In realtà, ci tengo a precisare in via introduttiva che le tematiche cui si è appena fatto riferimento sono di assoluta rilevanza e soprattutto si collocano su un livello di pari dignità, pur insistendo su aspetti diversi dello stare insieme in società. Si potrebbe, tuttavia, innanzitutto discutere sulla priorità di tali temi rispetto ad altri, in un momento in cui il nostro paese presenta sintomi di crisi economico-industriale assai più strutturali di quello che si potesse immaginare all’inizio del nuovo millennio (si pensi ai problemi del mondo del lavoro, del sistema a garanzia del risparmio dei piccoli investitori, di un sistema previdenziale che tende a generare perdite nel tempo, dell’approvvigionamento energetico, con un aumento del prezzo del petrolio che innesca un circolo vizioso sul fronte del costo della vita,  a causa degli aumenti delle forniture di energia elettrica, etc..). Ma questo aspetto potrebbe essere oggetto, magari, di un altro dubbio. Quello su cui si vuole stimolare una riflessione in data odierna è che interventi quali quelli citati, che dovrebbero essere mezzi volti ad affinare il sistema istituzionale e/o a migliorare la qualità della vita ed il sistema dei diritti e delle garanzie civili in capo ai membri della comunità, assurgono invece spesso a fini dell’azione politica, quasi fossero valori, compiuti in sé e per sé. Le forze politiche danno a volte l’idea di procedere ignorando la necessità di valutazioni in merito all’opportunità, alla efficacia, persino alla concreta ed effettiva applicazione dei contenuti dei detti interventi: poco importa insomma cosa si fa, come si fa e se ciò che si fa risponde alle esigenze concrete del sistema ed è in grado di migliorarlo, l’importante è fare qualcosa che per anni è stato ed è magari tuttora un proprio cavallo di battaglia per questo o quel gruppo politico. Ciò, per altro, in barba a chi si ostina a considerare morta e sepolta ogni ideologia. A me sembra, al contrario, che alcuni interventi legislativi (o, mi si passi il termine, “paralegislativi” nel caso di referendum), presentati come rivoluzionari ma in realtà confusi e confusionari o in alternativa dai contenuti annacquati, siano figli proprio di rigurgiti ideologici e di pregiudizi di diversa ascendenza.

Attenzione comunque a considerare indenne dal virus della confusione tra mezzi e fini le realtà locali: affacciamoci all’uscio di casa e guardiamo la “gemma del Tirreno e finestra sui Nebrodi”, Capo d’Orlando.
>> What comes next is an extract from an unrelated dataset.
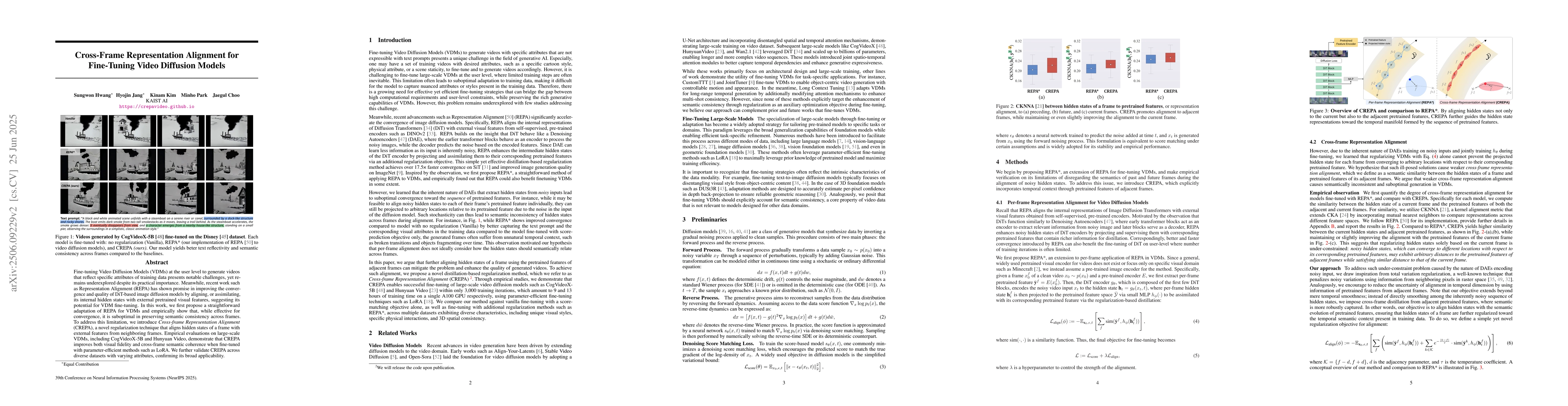This paper introduces Cross-Frame Representation Alignment (CREPA) for fine-tuning Video Diffusion Models, improving visual fidelity and cross-frame semantic coherence while adapting to user-level attributes.

Qui, ormai da troppo tempo, si assiste ad una sorta di vacatio imperii, ad una crisi politico-amministrativa paralizzante che si riflette addirittura da mesi nell’impossibilità a formare una Giunta. Senza nulla di personale ovviamente verso i protagonisti di tale crisi, “fare” la Giunta sembra essere diventato l’unico obiettivo di questo periodo amministrativo. Ecco quindi che quello che dovrebbe essere un mezzo, l’individuazione dei componenti della Giunta comunale, per potere attuare un programma politico e realizzare degli interventi volti a migliorare la qualità della vita ed a favorire e promuovere lo sviluppo economico-sociale della comunità, sembra essere assurto a fine. Già, servizi essenziali e sviluppo economico, chissà quanto tempo resterà, “fatta” la Giunta, per occuparsene...

Riflettiamo e dubitiamo, lettori, sulla capacità dei protagonisti del nostro sistema politico di distinguere i mezzi dai fini.